Traditional Culture Encyclopedia - Photography major - Germany’s greatest painter—Albrecht Dürer

Germany’s greatest painter—Albrecht Dürer

Albrecht Dürer (1471-1528) was born in Nuremberg, a German painter, printmaker and woodblock print designer.

Dürer's oeuvre includes woodcuts and other engravings, paintings, sketches, and drawings. Among his works, printmaking is the most influential. He was one of the finest woodcut and etching artists. His watercolor landscapes are among his greatest achievements, and their atmosphere and emotion are extremely vivid.

His major works include "Revelation", "The Great Passion of Christ", "The Little Passion", "Praying Hands", "Men's Bathroom", "Sea Monster", "The Libertine", "The Great Fate," "Adam and Eve," and "Knights, Death and Demons," among others.

The Germans used the papermaking revolution to introduce movable type, but the Italians used their artistic talents and ability to manufacture luxury goods to catch up and regain the dominance.

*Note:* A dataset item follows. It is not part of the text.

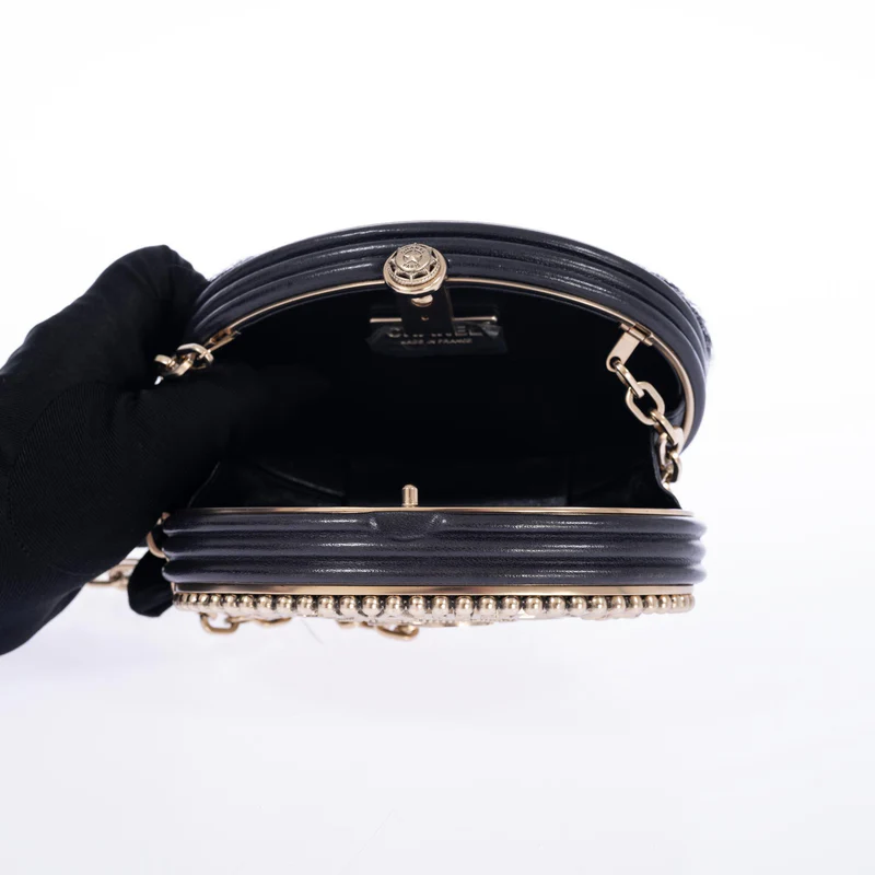 Detailed with both aged palladium and gold-tone accents, the bag is adorned with fringe trim and a signature belt buckle-shaped clasp. Dual zip closures open to a black grosgrain-lined interior, featuring a main compartment and a zip pocket for essentials. The leather-woven chain strap offers effortless wear, whether crossbody or over the shoulder. Measuring approximately 23 x 18 x 2 cm, this minaudière is a rare and storied addition to any connoisseur’s wardrobe, complete with its original box.

Dürer was so lucky to be able to develop his talent in the best of times.

He studied art with his father when he was a boy. He showed special talent for painting. He was able to paint his own portrait realistically at the age of 13. The portrait he painted for his father at the age of 19 fully demonstrated his maturity. His sketching skills are comparable to those of Leonardo da Vinci. Later he worked for three years with the painter Michaaeel Wolgemut. Wagelmut's large workshop also produced woodcut illustrations for Dürer's godfather, the printer and publisher Anton Koberger. At that time, this largest factory had a great influence on Dürer. He was first exposed to copper techniques as a child. This lasting impression played a decisive role in his later creativity in printmaking art.

After completing his apprenticeship, the young painter walked out of the studio and traveled along the Rhine River to major industrial cities in Germany, including Frankfurt, Cologne and Basel. The four years of travel study and investigation played a decisive role in the formation of the painter's world view and artistic development. The 23-year-old Dürer was already an influential artist. In this year, he married Aglissa Fresny, the daughter of a musician in his hometown. After that, Dürer worked as a jeweler and painter. Started working independently.

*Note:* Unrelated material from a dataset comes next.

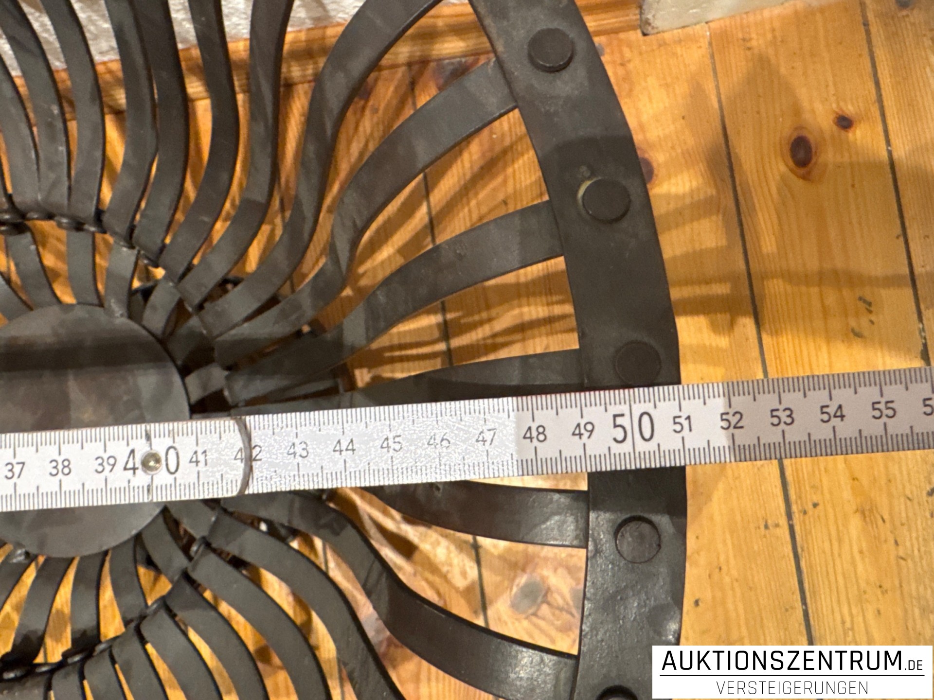 - 1 großer, runder Drahtkorb / Schale aus dunkel patiniertem Metall, aus strahlenförmig angeordneten Flachstäben gefertigt.
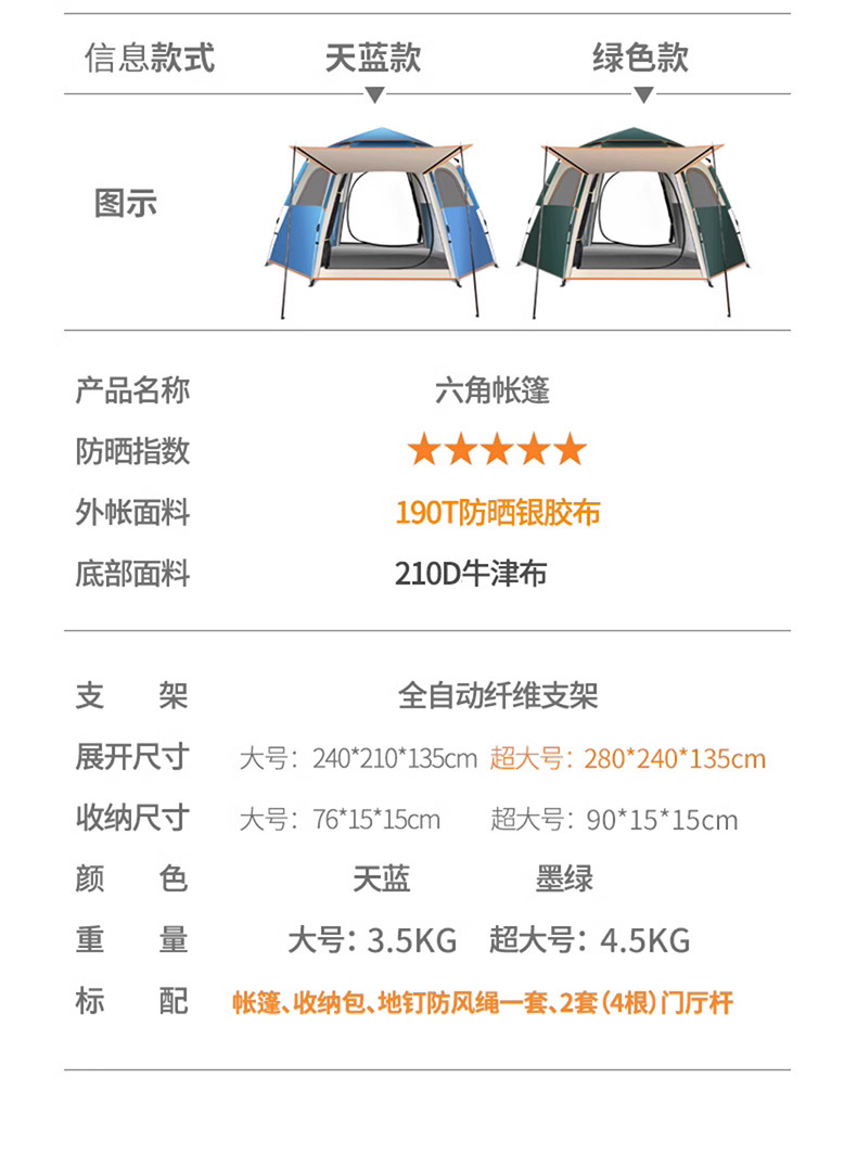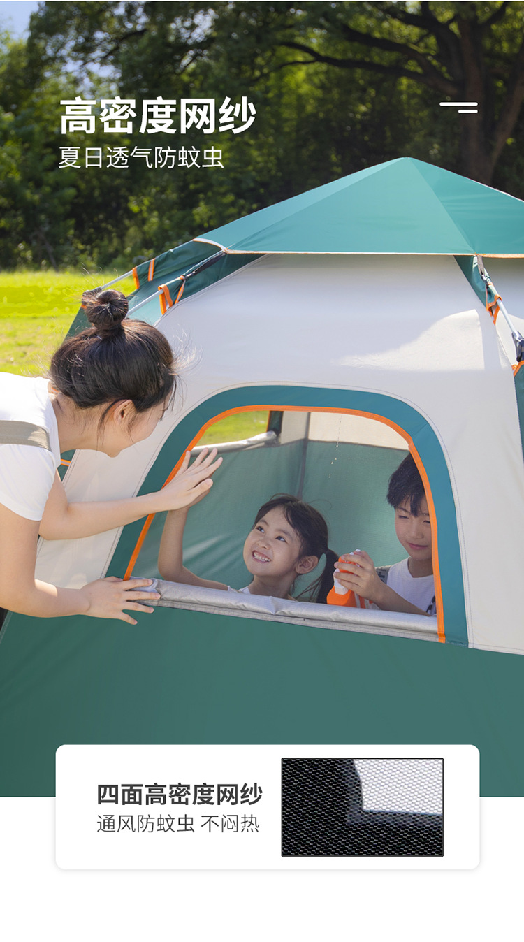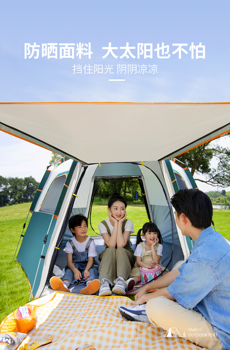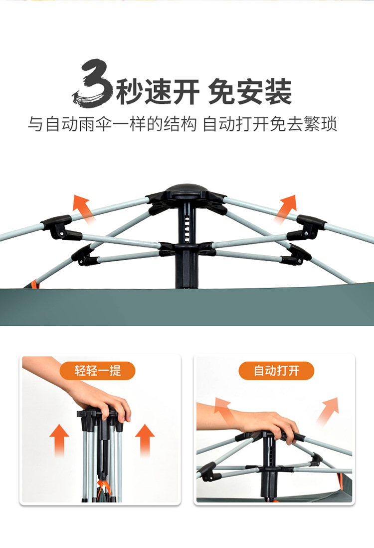 야외 휴대용 접이식 완전 자동 빠른 개방형 육각형 방수 두꺼운 태양 보호 실버 코팅 캠핑 야외 자동 텐트

In 1485, when German education was on the eve of imminent reform under the influence of humanism, Dürer entered a public primary school in Nuremberg. According to his family's tradition, his father allowed his son to be an apprentice in his own workshop, hoping to train him to become a jewelry worker. Dürer first received painting training in the workshop and quickly mastered it, which became the basis for his artistic activities. In order to learn the decorative arts necessary for jewelry craftsmanship, Dürer further began to copy the figure paintings of artists, and also He copied the sculptures of Martin Sonnguer, etc., which created the conditions for him to want to be an artist. Dürer carved his first self-portrait with a silver needle at the age of thirteen, and wrote on the painting: "When I was a child in 1484, I drew myself looking in the mirror." His pen drawings the following year "Virgin Mary on the Throne with Angels" is one of the second earliest paintings and is stored to this day.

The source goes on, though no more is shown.